About Non-GAAP Financial Measures

To provide investors and others with additional information regarding Workday’s results, we have disclosed the following non-GAAP financial measures: non-GAAP operating income (loss) and non-GAAP net income (loss) per share. Workday has provided a reconciliation of each non-GAAP financial measure used in this earnings release to the most directly comparable GAAP financial measure. Non-GAAP operating income (loss) differs from GAAP in that it excludes share-based compensation expenses, employer payroll tax-related items on employee stock transactions, and amortization expense for acquisition-related intangible assets. Non-GAAP net income (loss) per share differs from GAAP in that it excludes share-based compensation expenses, employer payroll tax-related items on employee stock transactions, amortization expense for acquisition-related intangible assets, non-cash interest expense related to our convertible senior notes, and income tax effects.

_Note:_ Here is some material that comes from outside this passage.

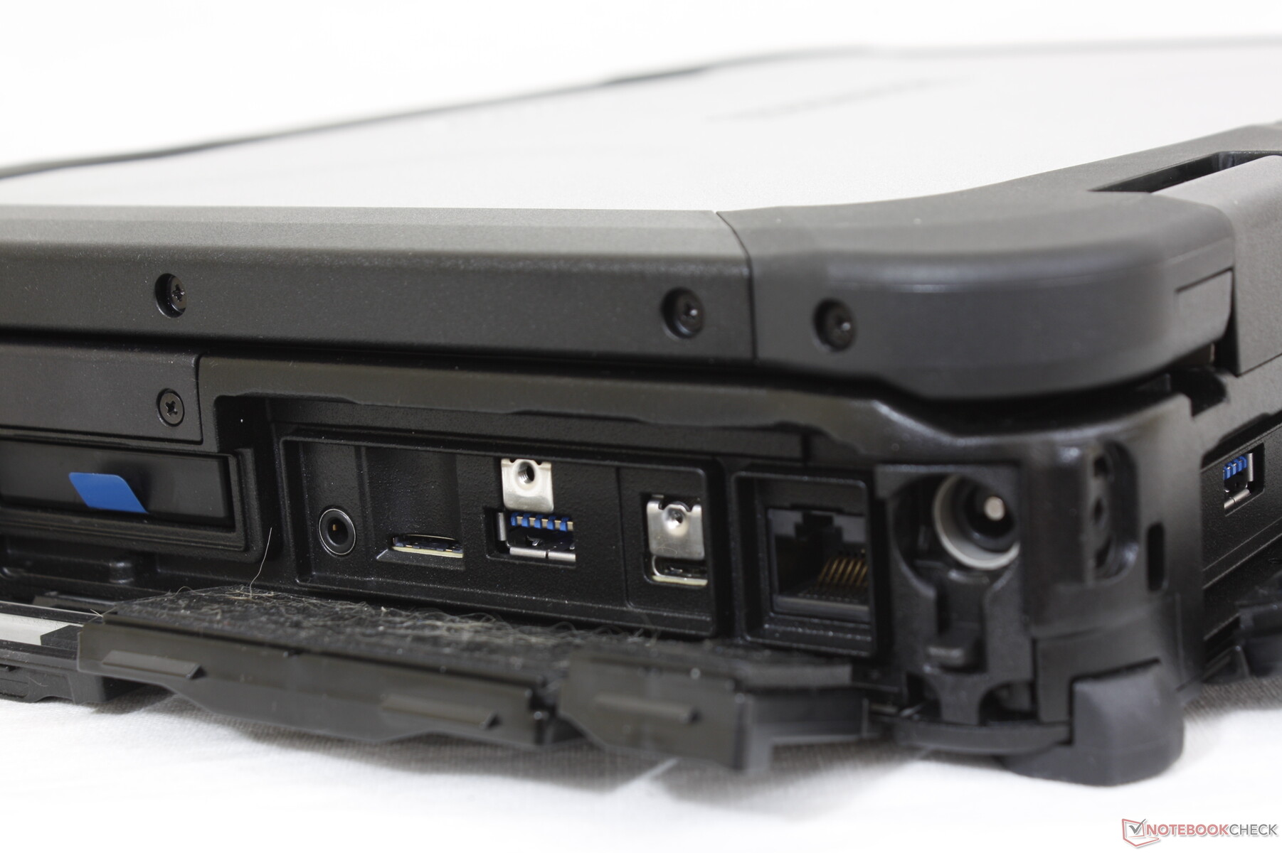 Een vervelend probleem met al deze sleuven is dat de kleppen die ze afdekken erg pietluttig zijn en moeilijk te openen en te vergrendelen, vooral als je kleinere handen of vette vingers hebt. Er is gewoon niet genoeg grip op deze kleppen om ze comfortabel in gebruik te maken. De kleppen langs de randen van de Dell Latitude 7330 Rugged zijn veel gemakkelijker vast te pakken en te hanteren in vergelijking.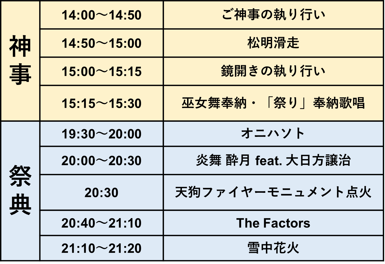 巫女舞の奉納、神職の祈祷、アーティストによる演奏、夜のゲレンデを明るく照らす松明スキー滑走などを実施予定。

Workday’s management uses these non-GAAP financial measures to understand and compare operating results across accounting periods, for internal budgeting and forecasting purposes, for short- and long-term operating plans, and to evaluate Workday’s financial performance. Management believes these non-GAAP financial measures reflect Workday’s ongoing business in a manner that allows for meaningful period-to-period comparisons and analysis of trends in Workday’s business. Management also believes that these non-GAAP financial measures provide useful information to investors and others in understanding and evaluating Workday’s operating results and prospects in the same manner as management and in comparing financial results across accounting periods and to those of peer companies.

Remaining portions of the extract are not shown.